Потом началась война. Немцы, оккупировав Украину, вывезли в Германию двух лошадей Пржевальского. Остальные погибли. К концу войны в стране у нас не осталось ни одной дикой лошади. Но после войны из Праги и из Германии доставили в Асканию-Нова двух чистокровных джунгарских жеребцов и одну кобылу (из Монголии – Орлицу-III). Бесплодием они не страдали, и к началу 1964 года в просторных загонах в украинской степи паслось уже семь диких лошадей.

В 1950 году два небольших стада диких коней (в каждом по дюжине голов) составляли главную достопримечательность зоопарков в Праге и Мюнхене. Две старые лошади жили также в Уипснейде {35}, в Англии, и один дряхлый жеребец – в парке Воберн-Аббей. Этот последний представитель знаменитого во-бернского табуна, родоначальников которого пятьдесят четыре года назад Григер сосунками привез из Бийска, умер от старости в 1955 году.

А двумя годами раньше Лондонское зоологическое общество, официальный шеф Уипснейдского парка, отчаявшись получить приплод от двух своих престарелых лошадей, решило купить молодых производителей у Пражского зоопарка. Купили жеребца и кобылу, и в следующие два года они принесли двух жеребят. В это же почти время и американцы отправились за океан на поиски диких лошадей. Они нашли их в Праге и Мюнхене. Так что в конце 1958 года во всем мире жило ужо в неволе 56 лошадей Пржевальского: в Праге -13 коней, в Кэтскилле (США) – 10, в Мюнхене – 6, в Уипснейде-6, в некоторых других зоопарках – по 1-3. В январе 1964 года в мире было уже 109, а в 1965 году – 125 лошадей, носящих имя нашего знаменитого соотечественника. Ряды их прибывают – радостно об этом слышать.

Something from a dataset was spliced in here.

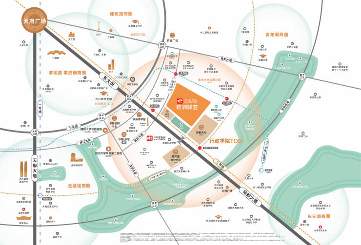 项目雄踞龙泉驿区东三环行政学院TOD核心区,地处城市发展黄金走廊。周边交通网络四通八达,地铁2号线、9号线、30号线三轨交汇,5站直达金融城CBD,6站连通攀成钢商圈,10站直抵春熙路商圈。驿都大道、绕城高速、成龙大道等城市主干道构建起立体交通体系,实现全城高效通达。
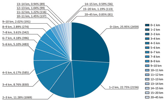 54]. Additionally, the Beike Research Institute, which is a real estate research platform, took the commuting distance within 5 km as the standard for a happy commute, and they drew a “happy commute circle” with a radius of 5 km. It is generally believed that a commuting distance within 5 km indicates that residents have a reasonable and controllable commuting time and various transportation options. In addition to public transportation and private cars, residents can arrive at work by walking, bicycling, or using other non-motorized vehicles, resulting in a happy commuting experience. The higher the proportion of commuters within 5 km, the more people have a pleasant commuting experience, indicating that they work and live nearby. A shorter commute is conducive to achieving a jobs–housing balance and green traveling.

В СССР живет девять (а может быть, уже и больше) диких лошадей: восемь в Аскании-Нова и одна в зоопарке Москвы. Кажется, планируется поселение диких лошадей на уединенном острове в Аральском море, где уже отлично прижились куланы и сайгаки. Там будут они пастись на воле в таких же почти условиях, как и у себя на родине, в Монголии.

А в 1959 году Международный симпозиум, собравшийся в Праге, постановил создать интернациональное общество по сохранению лошади Пржевальского с теми же задачами, которые были положены в основу работы общества по спасению зубра {36}.

Пожелаем же больших удач и тому и другому благородному содружеству!